I have been watching the natural world closely since I was around three years old. My earliest memories involve skinks and chipmunks (at different times) that I watched for hours as they conducted their lives in my yard. I planted my first wildflower garden when I was ten, grew my first tomatoes around age fourteen, and gloried in my first full-fledged vegetable garden at age twenty-three. I’ve grown a vegetable garden every year since then, and as soon as Wonder Spouse and I bought our first house, we’ve also been adding as many native plants as we could.

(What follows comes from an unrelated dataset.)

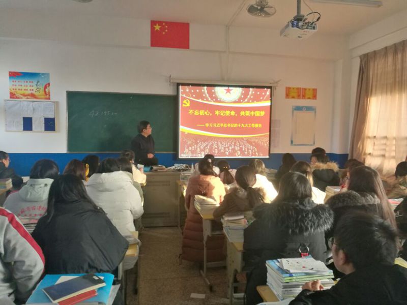 王校长向同学们详细讲解了十九大的主要内容和《中国共产党章程》,把十九大精神送进课堂,传递了夺取新时代中国特色社会主义伟大胜利的坚定信心,凝聚起同学们同心共筑中国梦的磅礴力量。

With more than five decades of gardening experience behind me, you would think I would have cultivated more patience. But every year, I find myself wondering if the shiny green globes on the tomato plants will ever morph into red juicy delights, if the bean vines scaling the top of their trellis will ever produce the long green flavorful pods we adore, and if the expanding buds of my native perennials will ever open so the pollinator party can get fully underway.
I found myself doing it again earlier this week. I was standing in front of the purple milkweeds in the pollinator garden exhorting them to hurry up and open. They still haven’t, by the way, but at least I can now see hints of color in some of the buds. I added Fire Pinks (Silene virginica) to that garden last fall. In the last few weeks, they’ve been sending up many flower stalks laden with promising buds. But the recent cool, cloudy spell of weather put them into suspended animation. Finally, just yesterday, a single flower on one of the plants managed to open. It took it all day, but late-afternoon sun finally coaxed this single crimson flower into fully opening.

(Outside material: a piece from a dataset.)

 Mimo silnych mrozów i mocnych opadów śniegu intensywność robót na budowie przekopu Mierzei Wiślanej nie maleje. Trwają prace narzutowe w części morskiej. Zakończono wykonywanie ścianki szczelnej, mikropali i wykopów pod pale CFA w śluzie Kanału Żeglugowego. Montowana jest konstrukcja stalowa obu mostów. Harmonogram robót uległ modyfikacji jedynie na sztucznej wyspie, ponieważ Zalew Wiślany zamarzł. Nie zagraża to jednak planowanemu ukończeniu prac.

I confess I visited this flower several times during the day, photographing it at every stage of its unfolding. That’s when a little epiphany went off in my brain – Nature unfolds at its own pace. Impatience is a human weakness, not a failing of the flower. The point, I belatedly realized, is to celebrate the unfolding, observe and appreciate every moment of the lives around me – and my own!

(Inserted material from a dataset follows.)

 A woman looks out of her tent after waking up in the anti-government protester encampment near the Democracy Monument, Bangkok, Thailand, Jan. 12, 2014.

I know – duh, right? Like most folks, I juggle a fair number of projects, interact with a number of different people, and it is very easy for me to get lost in the machinery of my brain as it attempts to find a way to finish everything on my infinite to-do list. Duh, again – infinite to-do list? Who am I kidding?
From this point forward, I am going to do my best to stay in the moment as often as I can. Instead of tapping my toes impatiently at tightly closed flower buds, I will breathe deeply beside them and try to tune into the tempo of their lives. I will try to relish every stage of Nature’s unfolding, chill out my runaway-freight-train brain, and seek peace in every beautiful moment of every day.